**RECORDS FOR THIS TASK:**
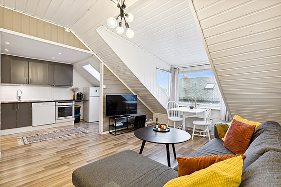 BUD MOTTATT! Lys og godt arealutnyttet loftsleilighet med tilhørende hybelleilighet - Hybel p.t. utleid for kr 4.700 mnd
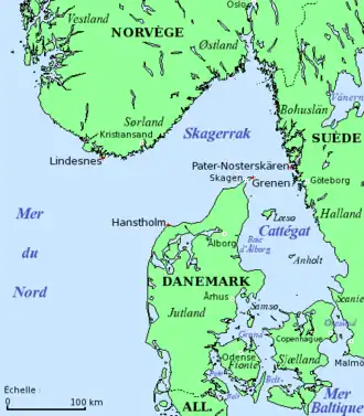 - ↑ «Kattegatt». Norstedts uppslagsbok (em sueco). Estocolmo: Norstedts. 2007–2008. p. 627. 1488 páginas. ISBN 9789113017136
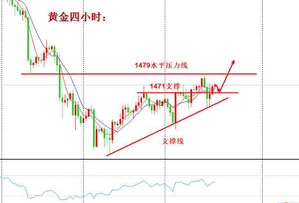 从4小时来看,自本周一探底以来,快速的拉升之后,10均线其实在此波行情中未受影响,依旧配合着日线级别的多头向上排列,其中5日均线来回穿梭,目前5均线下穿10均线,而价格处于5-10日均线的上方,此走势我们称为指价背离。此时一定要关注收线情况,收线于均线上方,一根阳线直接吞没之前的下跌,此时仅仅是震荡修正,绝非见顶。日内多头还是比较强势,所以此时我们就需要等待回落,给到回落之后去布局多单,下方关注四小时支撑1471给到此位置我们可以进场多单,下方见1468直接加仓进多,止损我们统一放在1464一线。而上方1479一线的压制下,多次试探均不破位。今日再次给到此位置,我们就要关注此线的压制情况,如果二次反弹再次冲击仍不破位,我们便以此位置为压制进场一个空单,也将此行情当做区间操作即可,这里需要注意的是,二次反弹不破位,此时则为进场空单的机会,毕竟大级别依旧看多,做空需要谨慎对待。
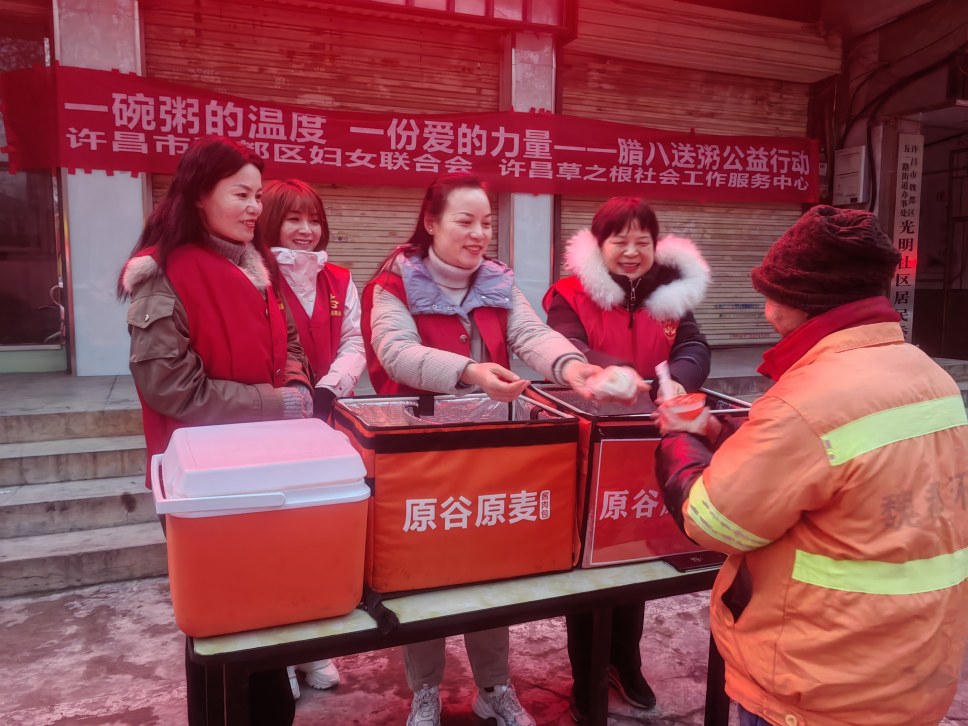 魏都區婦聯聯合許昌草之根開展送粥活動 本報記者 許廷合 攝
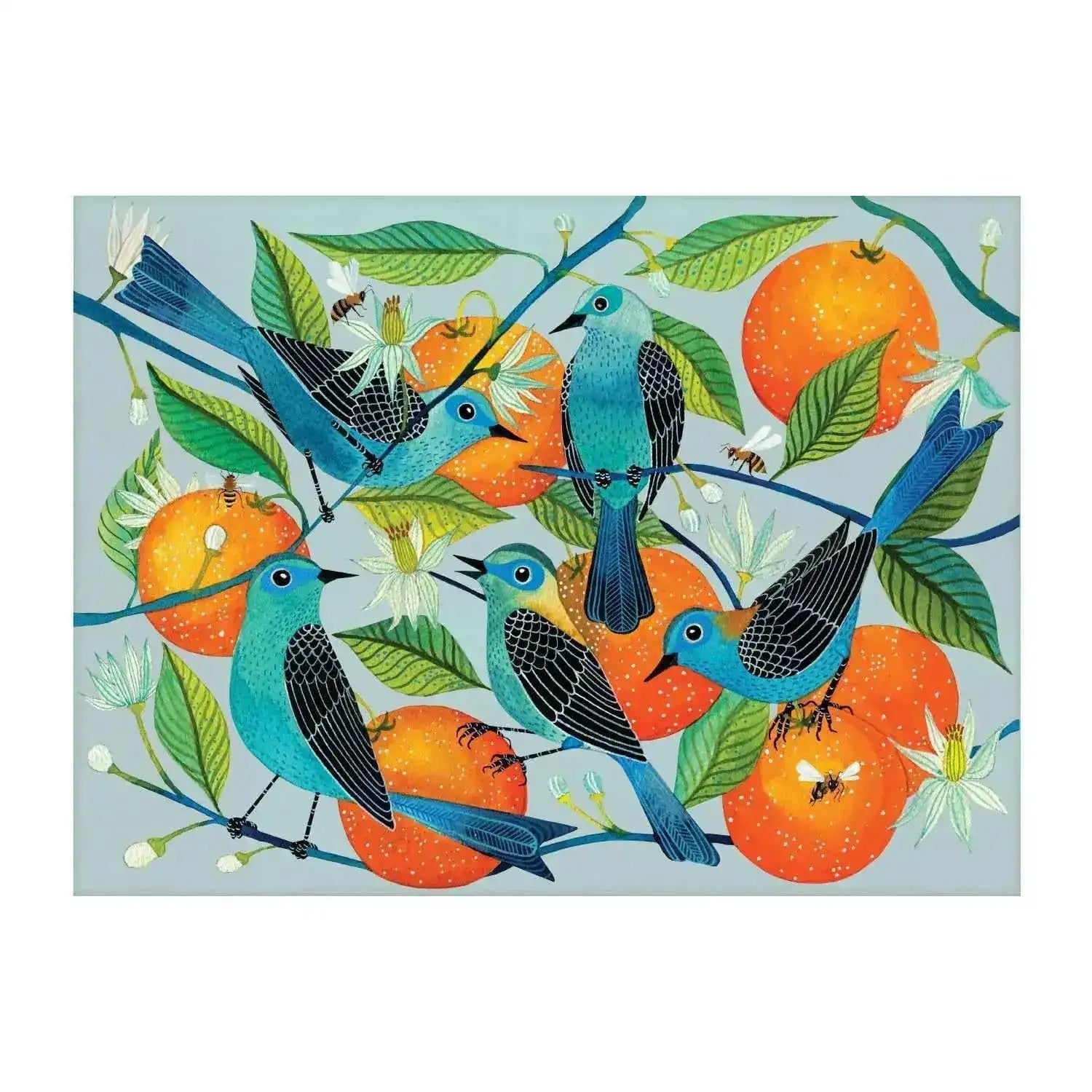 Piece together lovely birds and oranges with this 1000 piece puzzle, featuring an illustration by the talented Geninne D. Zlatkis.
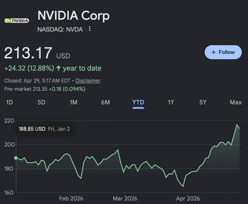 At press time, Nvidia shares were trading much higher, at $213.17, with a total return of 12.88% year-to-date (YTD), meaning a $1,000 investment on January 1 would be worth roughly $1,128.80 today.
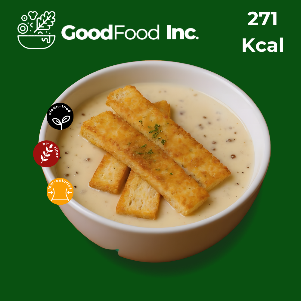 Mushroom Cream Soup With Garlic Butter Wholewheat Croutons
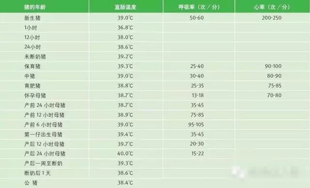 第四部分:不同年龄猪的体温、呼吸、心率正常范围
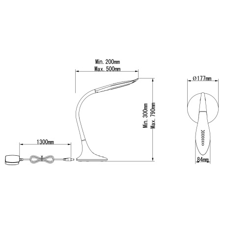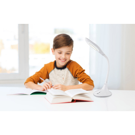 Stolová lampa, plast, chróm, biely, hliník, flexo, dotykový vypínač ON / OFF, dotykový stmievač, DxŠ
...
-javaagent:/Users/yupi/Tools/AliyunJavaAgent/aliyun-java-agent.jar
--
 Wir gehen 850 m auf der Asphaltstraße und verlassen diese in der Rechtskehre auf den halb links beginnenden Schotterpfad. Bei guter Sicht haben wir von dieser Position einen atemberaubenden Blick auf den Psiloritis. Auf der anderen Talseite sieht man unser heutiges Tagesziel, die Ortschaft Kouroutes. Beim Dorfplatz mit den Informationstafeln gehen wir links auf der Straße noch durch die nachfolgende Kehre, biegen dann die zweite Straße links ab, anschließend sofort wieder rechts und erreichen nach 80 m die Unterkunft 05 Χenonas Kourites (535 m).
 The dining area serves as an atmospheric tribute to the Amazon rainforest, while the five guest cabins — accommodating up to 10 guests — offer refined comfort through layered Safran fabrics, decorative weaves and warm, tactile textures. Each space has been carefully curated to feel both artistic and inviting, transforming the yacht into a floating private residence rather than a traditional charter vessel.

**PROBLEM TO WORK ON:**
Reproduce the data above exactly, but only the lines from the one showing "Piece together lovely" through the one showing "Mushroom Cream Soup", with both ends kept and the pictures left out.

**ANSWER AREA:**
 Piece together lovely birds and oranges with this 1000 piece puzzle, featuring an illustration by the talented Geninne D. Zlatkis.
 At press time, Nvidia shares were trading much higher, at $213.17, with a total return of 12.88% year-to-date (YTD), meaning a $1,000 investment on January 1 would be worth roughly $1,128.80 today.
 Mushroom Cream Soup With Garlic Butter Wholewheat Croutons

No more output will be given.